I rolled my eyes. “Whatever. You still work for your mom and live with her.”

“Yeah, but she pays me, and besides that, she’d bully my dad too much if I moved out. So, what happened last night?”

“Table ten needs more water,” Rynne’s mom said, coming in the swinging kitchen door. “Also, Rynnie, don’t forget to smile when you take out the sushi. I realize that you’re trying to cultivate your tough guy persona, but save it for law school.”

We grabbed our trays and headed out past Rynne’s mother’s watchful eye. Once we were out, I nudged her. “She thinks that you’re going to law school?”

“Forensics and law are practically the same thing.”

“Yeah, one’s putting yourself at risk every day and the other is walking around in a business suit. You have to tell her.”

She sighed heavily. “I might change my mind. No sense in giving her an aneurism before it’s necessary. What happened last night?”

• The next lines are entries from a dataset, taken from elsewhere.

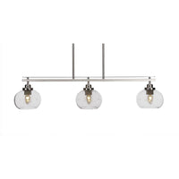 2636-BN-202 Odyssey 3 Island Light Shown In Brushed Nickel Finish With 7" Clear Bubble Glass. Rated for: Dry location. Light Bulb Data: 3 Medium 100 watt. Bulb included: No.
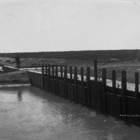 - "Head Gates, North Side;" a man stands on a rock wall leading to several canal gates
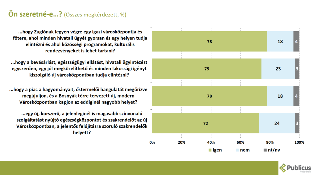 A zuglóiak több mint háromnegyede (78 százalék) szeretné, hogy Zuglónak legyen végre egy igazi városközpontja és főtere, ahol minden hivatali ügyét gyorsan és egy helyen tudja elintézni és ahol közösségi programokat, kulturális rendezvényeket is lehet tartani.

“I’ll tell you later,” I said, and headed towards table ten to fill the lunch group’s waters. Libby was next to them with her dog, the old bulldog sleeping under her chair while she frowned over a piece of paper filled with foreign languages.

“Can I take your order?” I asked, cocking my hip.

She looked up, surprised. “Really? You’re going to let me order?”

I smiled at her. Rynne’s mother was notoriously pushy about giving people the sushi they needed instead of wanted, but she wasn’t ever wrong. “I want to know how much you’re going to eat today, and if anyone else will be in your party. Also, do you know what the Sphinx’s Curse is in Song?”

She frowned at me. “How do you have time to get into trouble between work and school?”

I leaned against the table. “So, you do know what it is? A bar? A pawnshop?”

“I know that everything in Song is trouble. I’ll have to ask. Why do you want to know?”